When creating the dough for your Fuzzy Peach High-Protein Bagels, the yeast activation is crucial. Ensure that your water is warm, ideally around 110°F (43°C), to promote yeast bubbling. If it's too hot, it can kill the yeast, resulting in flat bagels. Once your mixture is frothy, incorporating the honey helps not only with flavor but also feeds the yeast, aiding in the rise. Aim for a sticky yet workable consistency for the dough; this will ensure your bagels are soft and chewy.

It's essential to knead the dough adequately to develop the gluten structure, which gives the bagels their characteristic chewiness. I typically knead for about five minutes until the dough is smooth and elastic. You can perform the 'windowpane test' by stretching a small piece of dough; if it stretches without tearing, you’re set. Covering the dough with a damp cloth keeps it moist while it rises, preventing it from drying out, which is a common issue if left exposed.

Bagel Shaping and Toppings

Shaping the bagels can be an enjoyable part of the process. After punching down the risen dough, divide it into 12 equal pieces for uniform-sized bagels. When forming them, it can help to roll each piece into a ball and then gently poke a hole in the center using your thumb. To create a smooth bagel, pinch the edges of the hole to ensure it remains open while baking. This technique can prevent any puffing during the boil and baking process.

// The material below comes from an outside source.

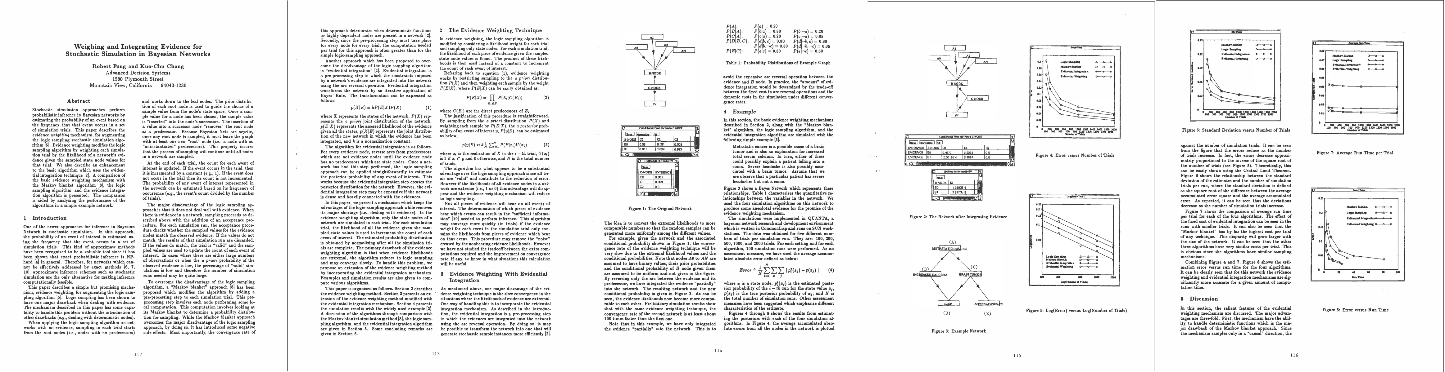 Stochastic simulation approaches perform probabilistic inference in Bayesian networks by estimating the probability of an event based on the frequency that the event occurs in a set of simulation trials. This paper describes the evidence weighting mechanism, for augmenting the logic sampling stochastic simulation algorithm [Henrion, 1986]. Evidence weighting modifies the logic sampling algorithm by weighting each simulation trial by the likelihood of a network's evidence given the sampled state node values for that trial. We also describe an enhancement to the basic algorithm which uses the evidential integration technique [Chin and Cooper, 1987]. A comparison of the basic evidence weighting mechanism with the Markov blanket algorithm [Pearl, 1987], the logic sampling algorithm, and the evidence integration algorithm is presented. The comparison is aided by analyzing the performance of the algorithms in a simple example network.

For toppings, feel free to get creative as the bagels come out of the boiling water. Sliced peaches give a burst of fresh flavor, while oats or granola add a lovely texture. If you’re feeling fancy, a sprinkle of cinnamon sugar can add a sweet touch that pairs beautifully with the peach flavor. Whether you stick with the basics or experiment, the toppings can be adjusted to match your mood or dietary preferences.

Ingredients

Gather the following ingredients to get started on these delightful bagels:

Bagel Ingredients

  • 2 cups all-purpose flour
  • 1 cup protein powder
  • 1/2 cup peach puree
  • 1/2 cup warm water
  • 2 tablespoons honey
  • 1 tablespoon yeast
  • 1 teaspoon salt

Toppings (optional)

  • Sliced peaches
  • Oats or granola
  • Cinnamon sugar

Once you have everything ready, you'll be amazed at how simple it is to make these delicious bagels!

Instructions

Now that you have your ingredients, follow these steps to create your Fuzzy Peach High-Protein Bagels:

Prepare the Dough

In a large bowl, combine the warm water and yeast. Allow it to sit for about 5 minutes until frothy. Then, mix in the honey and peach puree. Gradually add the flour, protein powder, and salt, stirring until a dough forms.

Knead and Rise

Knead the dough on a lightly floured surface for about 5 minutes until smooth. Place the dough in a greased bowl, cover it with a damp cloth, and let it rise in a warm place for about 30 minutes.

Shape the Bagels

After the dough has risen, punch it down and divide it into 12 equal pieces. Roll each piece into a ball and poke a hole in the center to shape into bagels. Place them on a parchment-lined baking sheet.

Boil and Bake

Preheat your oven to 375°F (190°C). Bring a large pot of water to a boil. Boil the bagels for 1-2 minutes on each side, then return them to the baking sheet. If adding toppings, sprinkle them on now. Bake for 20-25 minutes or until golden brown.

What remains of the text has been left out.